Please also update documentation at https://nuetzlich.net/gocryptfs/comparison/

Currently OSX in progress [7] can be macOS in beta

[rfjakob]

Done, I've just listed MacOS after Linux

[teras]

Are there any documentation on how to install gocryptfs on OSX? Thank you

[alexanderharm]

I created a formula for brew, see https://github.com/Homebrew/homebrew-core/pull/21786.

I still have an issue with the Homebrew sandbox preventing the test to run successfully. I will comment here once they are solved and the formula is usable.

[alexanderharm]

@teras: I created a Homebrew formula which can only be merged if the load_osxfuse issue is solved upstream.

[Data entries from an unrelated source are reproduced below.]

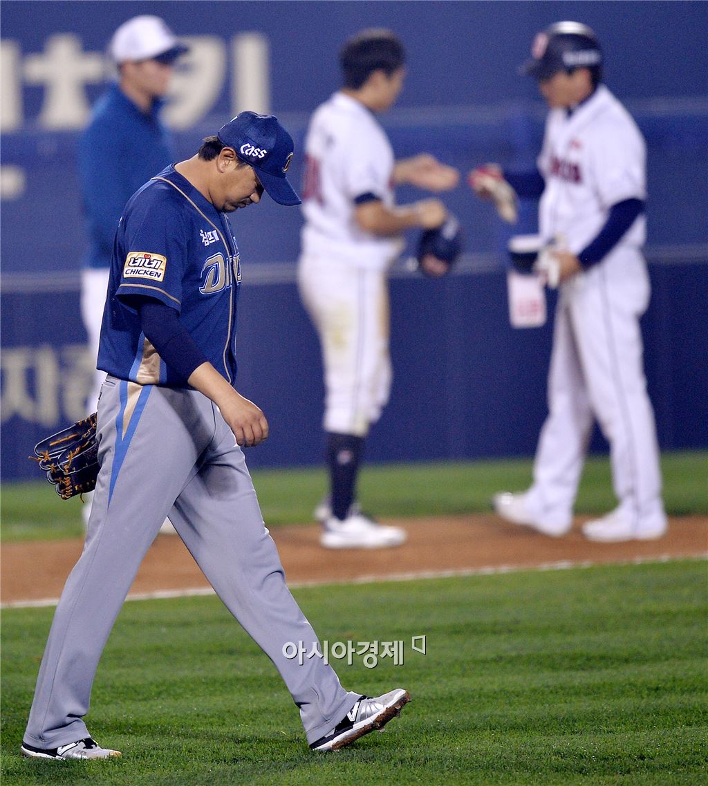 [잠실=아시아경제 김현민 기자] 프로야구 2015 포스트시즌 NC 다이노스와 두산 베어스의 플레이오프 3차전이 21일 잠실구장에서 열렸다. NC 선발 손민한이 2회말 2사 1루에서 두산 정수빈에게 동점 1타점 좌중간 3루타를 허용한 뒤 아쉬워하고 있다. 김현민 기자 kimhyun81@asiae.co.kr<ⓒ세계를 보는 창 경제를 보는 눈, 아시아경제(www.asiae.co.kr) 무단전재 배포금지>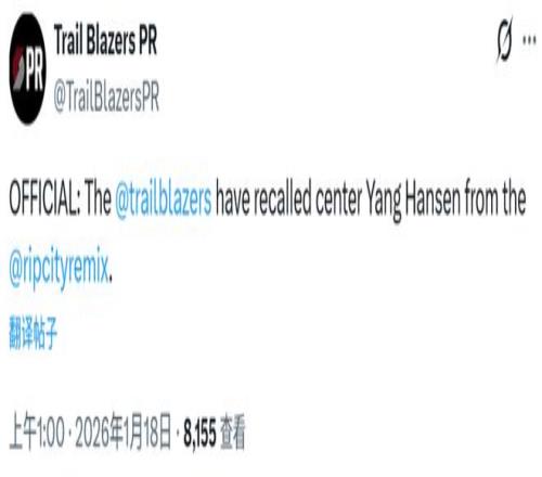 開拓者上一場比賽是1月16日對陣老鷹,最終117-101擊敗對手,但楊瀚森沒有獲得上場機會。他上一次在NBA出戰是1月14日對陣勇士,他打了12分33秒,投籃3中1,得到3分2籃板1助攻。賽季至今,楊瀚森在開拓者出戰23場比賽,場均2.5分1.8籃板0.8助攻,投籃命中率29.2%,三分命中率16.1%。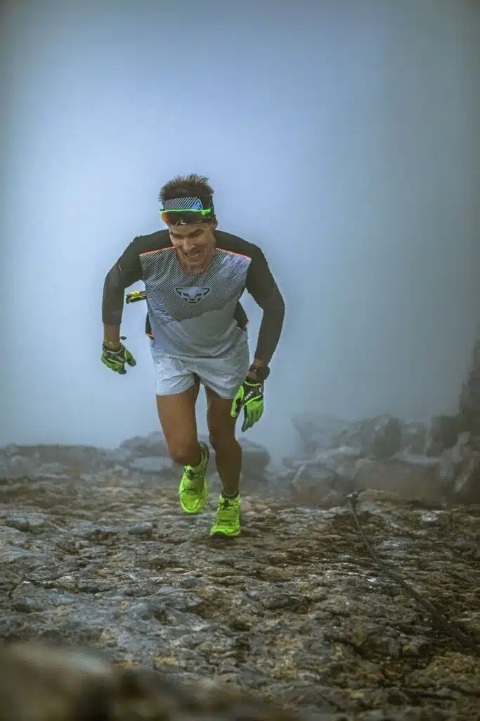 Der Athlet darf sich über die Rekordzeit freuen und seine Leistung „by fair means“ – also ganz ohne fremde Hilfe – bezeichnen. Namberger ist morgens bei Nebel und kühlen Temperaturen gestartet. Der Ausdauer-Profi war mit der neuen DYNAFIT DNA Race-Kollektion für kommenden Sommer minimal aber zweckmäßig für die alpine Tour ausgestattet. Sein Equipment führte Namberger in den Taschen der Hose, die speziell für Trailrunning Wettkämpfe konzipiert wurde, mit.

In order for the installation to work you need to tick the option Allow apps downloaded from: App Store and identified developers under the Security & Privacy-tab in System Preferences!

First install OSXFuse from the website (https://osxfuse.github.io/) or via brew:

brew cask install osxfuse

Afterwards you need to reboot your machine.

Install gocryptfs from a local tap for now:

brew install alexanderharm/homebrew-gocryptfs/gocryptfs

I tested this successfully on my machine (macOS Sierra) and it also seems to run fine on @teras' machine running macOS High Sierra.

@rfjakob: maybe this can be added to the docs once it is merged into homebrew-core?

Edit: Updated installation procedure based on the feedback of @teras.

[teras]

@alexanderharm I got this message when I use the application:

[alexanderharm]

@teras: When did you get this message? I believe this is related to the installation of osxfuse since Benjamin Fleischer is one of the authors: https://osxfuse.github.io/.

If you feel more comfortable you can also download and install osxfuse from this website and then install only gocryptfs via brew.

[teras]

Everything went smooth up to the time I typed gocryptfs cipher plain (from the demo instructions on the site).

The second time I typed them, no message was displayed, only failing: fuse.NewServer failed: exit status 1 Maybe you should run: /Library/Filesystems/osxfuse.fs/Contents/Resources/load_osxfuse

Now, I tried what you said. Indeed the installer asked me to open Settings - I did so but there was no option to allow anything. Since I am using OSX High Sierra, maybe they changed something there?

[alexanderharm]

@teras: Normally it should work. Did you brew cask uninstall osxfuse before? Do you have the FUSE preference pane?

[alexanderharm]

@teras: Under Security & Privacyyou need to tick the option Allow apps downloaded from: App Store and identified developers. It sounds like you are using App Store only.

[teras]

@alexanderharm Indeed this is the case. It seems to work now. Thank you

[alexanderharm]

As of today there is a Homebrew formula for gocryptfs.

Install brew and type brew install gocryptfs.